Plastics waste is accumulation is a worsening problem due to global reliance on low cost and high durability plastics. Over 7 billion tons of plastics waste have accumulated since 1950. Roughly nine percent of plastics are recycled globally, with economic incentive being a key inhibitor to increasing recycling throughput. Current plastics waste management techniques (incineration, mechanical recycling, and chemical recycling) lack economic viability due to the need for expensive catalysts, high operating conditions, pretreatment, and mechanical sorting. Biodegradation presents a sustainable and economic upcycling solution by eliminating the mentioned cost barriers. The microbiota of insect larvae, namely the yellow mealworm (T. molitor), have recently been identified as a platform for plastics biodegradation by demonstrating improved plastics consumption rate over reported microorganisms, which insinuates microbial community synergies.

Only a small fraction of the total number of microorganisms from the guts of plastic-fed mealworms have been isolated and shown to degrade plastics. There exists a knowledge gap and an opportunity to discover plastics-degrading organisms and associated enzymes from the yellow mealworm gut microbiome. In this work, we aim to address this knowledge gap by isolating plastic-degrading organisms from yellow mealworms, by using bioinformatic analyses to determine microbial species and genes prevalent in plastic-fed mealworms, and by doing early work in extracting plastic-degrading enzymes.

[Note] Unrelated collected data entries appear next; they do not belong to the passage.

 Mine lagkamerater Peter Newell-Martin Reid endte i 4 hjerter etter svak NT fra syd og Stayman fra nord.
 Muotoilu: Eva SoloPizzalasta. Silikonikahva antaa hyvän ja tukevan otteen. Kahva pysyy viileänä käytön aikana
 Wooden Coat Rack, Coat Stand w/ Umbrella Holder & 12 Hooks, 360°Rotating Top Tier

Isolates were extracted from dissected mealworm guts and screened for growth with polyethylene as the sole carbon source in order to discover microbes capable of degrading plastics. A subset of unique isolates was discovered, and plastics degradation is indicated by growth on plastic-containing media and scanning electron microscopy (SEM). Metagenomic data provided by the Joint Genome Institute (JGI) from the gut microbiota of worms fed Polystyrene (PS), Low-Density and High-Density Polyethylene (LDPE, HDPE), and Polypropylene (PP) were analyzed to determine microbial taxa and associated genes prevalent to the degradation of each plastic.

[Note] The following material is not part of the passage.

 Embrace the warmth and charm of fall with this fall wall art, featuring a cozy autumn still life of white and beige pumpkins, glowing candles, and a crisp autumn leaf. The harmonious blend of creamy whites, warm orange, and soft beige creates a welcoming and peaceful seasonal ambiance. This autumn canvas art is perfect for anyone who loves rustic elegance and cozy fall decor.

Early-stage enzyme studies of supernatant and lysis solutions from microbial isolate cultures were performed on fluorescent LDPE particles to demonstrate in vitro activity. Shotgun proteomics coupled with mass spectrometry and fast protein liquid chromatography (FLPC) were used to identify proteins important for plastics degradation. The results from these studies indicate the presence of plastics degrading enzymes from the plastics-degrading isolates.

The findings detailed in this work will allow for further studies elucidating the degradation pathways of plastics-degrading organisms. Discovering these pathways will allow for the isolation and purification of key enzymes in plastics degradation processes and provide the potential to engineer these pathways for enhanced plastics degradation and upcycling. In parallel, synthetic microbial consortia or synthetic enzyme cascades can be developed in order to mirror the plastics degradation present in the gut of T. molitor outside of the worm. The work in these studies and subsequent future studies can have the potential to be scaled for large-scale plastics upcycling in a bioreactor with conditions emulating and improving upon those present in the gut of the yellow mealworm.